At the present time, the Company does not expect the cybersecurity-related incident reported under Item 8.01 of Form 8-K on May 6, 2025, which is further updated in Item 8.01 below, to materially impact the Company’s revenue for fiscal year 2025, or to prevent the Company from fulfilling customer orders received to date or meeting seasonal demand.
The Company maintains cybersecurity insurance, and expects that the majority of out-of-pocket remediation costs incurred by the Company in connection with the incident will be covered by such insurance, and that any such costs will be non-recurring in nature.
In accordance with General Instructions B.2 of Form 8-K, the information in Item 7.01 of this Current Report on Form 8-K shall not be deemed “filed” for purposes of Section 18 of the Exchange Act, or otherwise subject to the liability of that section, and shall not be incorporated by reference into any registration statement or other document filed under the Securities Act or the Exchange Act, except as shall be expressly set forth by specific reference in such filing.

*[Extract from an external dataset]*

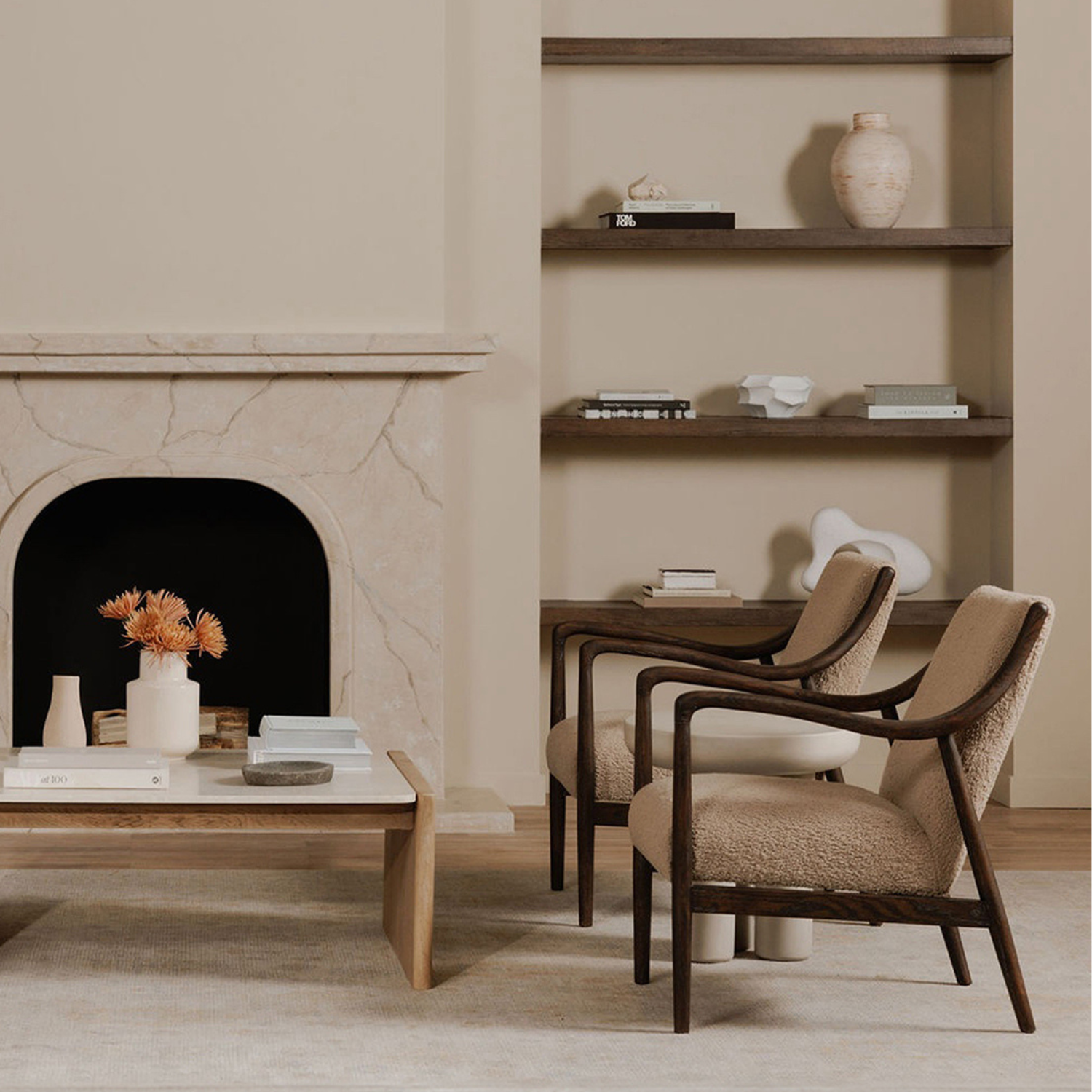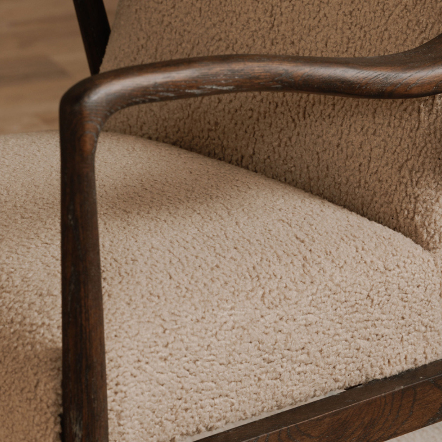 The Yates accent chair's solid oak frame and sumptuous faux shearling merge the coziness of plush upholstery with the timeless beauty of classic craftsmanship.

As previously reported under Item 8.01 of Form 8-K on May 6, 2025, on April 27, 2025, the Company identified unauthorized activity on the Company’s on-premise network and, upon detection, activated its incident response protocols and implemented containment measures. The Company promptly commenced an investigation and has been actively working to assess, mitigate, and remediate the incident with the assistance of third-party cybersecurity professionals. The Company has also notified and coordinated with law enforcement.
At this time, the Company’s manufacturing operations are running at near full capacity, and the Company’s critical order taking, distribution and shipping systems are fully operational. The Company is continuing to optimize these systems to ensure that any delayed orders are being processed in a timely manner.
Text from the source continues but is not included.